PROBLEM TO SOLVE:
The answer is to be an exact copy of the lines below running from the line with "В квартире сделан" down to the line with "实操教学由红十字急救员们围绕", both ends included, and nothing more.

INPUT FOR THIS TASK:
============

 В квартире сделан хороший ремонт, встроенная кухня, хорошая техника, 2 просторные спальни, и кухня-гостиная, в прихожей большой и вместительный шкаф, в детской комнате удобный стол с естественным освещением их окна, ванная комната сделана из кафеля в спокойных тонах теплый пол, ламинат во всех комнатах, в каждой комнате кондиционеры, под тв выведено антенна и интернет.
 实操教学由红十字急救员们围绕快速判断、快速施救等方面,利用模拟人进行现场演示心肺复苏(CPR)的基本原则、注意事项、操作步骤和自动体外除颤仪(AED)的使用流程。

============

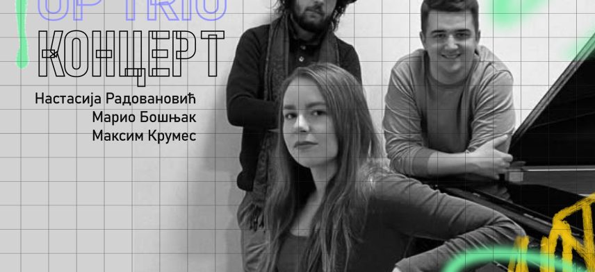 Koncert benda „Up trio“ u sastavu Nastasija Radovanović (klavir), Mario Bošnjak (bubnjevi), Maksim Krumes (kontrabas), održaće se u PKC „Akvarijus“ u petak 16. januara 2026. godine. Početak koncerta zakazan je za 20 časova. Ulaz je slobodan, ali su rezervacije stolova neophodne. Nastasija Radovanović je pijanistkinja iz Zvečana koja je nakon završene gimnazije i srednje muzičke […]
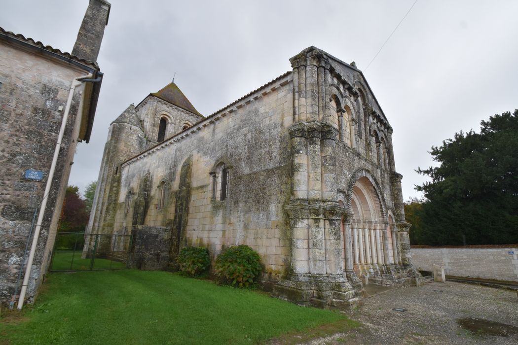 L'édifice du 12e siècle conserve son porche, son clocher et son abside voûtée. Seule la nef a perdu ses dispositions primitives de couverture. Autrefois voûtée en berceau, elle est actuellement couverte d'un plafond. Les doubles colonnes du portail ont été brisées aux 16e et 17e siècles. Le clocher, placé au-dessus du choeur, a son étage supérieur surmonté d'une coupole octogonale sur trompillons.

============

EXERCISE RESULT:
 В квартире сделан хороший ремонт, встроенная кухня, хорошая техника, 2 просторные спальни, и кухня-гостиная, в прихожей большой и вместительный шкаф, в детской комнате удобный стол с естественным освещением их окна, ванная комната сделана из кафеля в спокойных тонах теплый пол, ламинат во всех комнатах, в каждой комнате кондиционеры, под тв выведено антенна и интернет.
 实操教学由红十字急救员们围绕快速判断、快速施救等方面,利用模拟人进行现场演示心肺复苏(CPR)的基本原则、注意事项、操作步骤和自动体外除颤仪(AED)的使用流程。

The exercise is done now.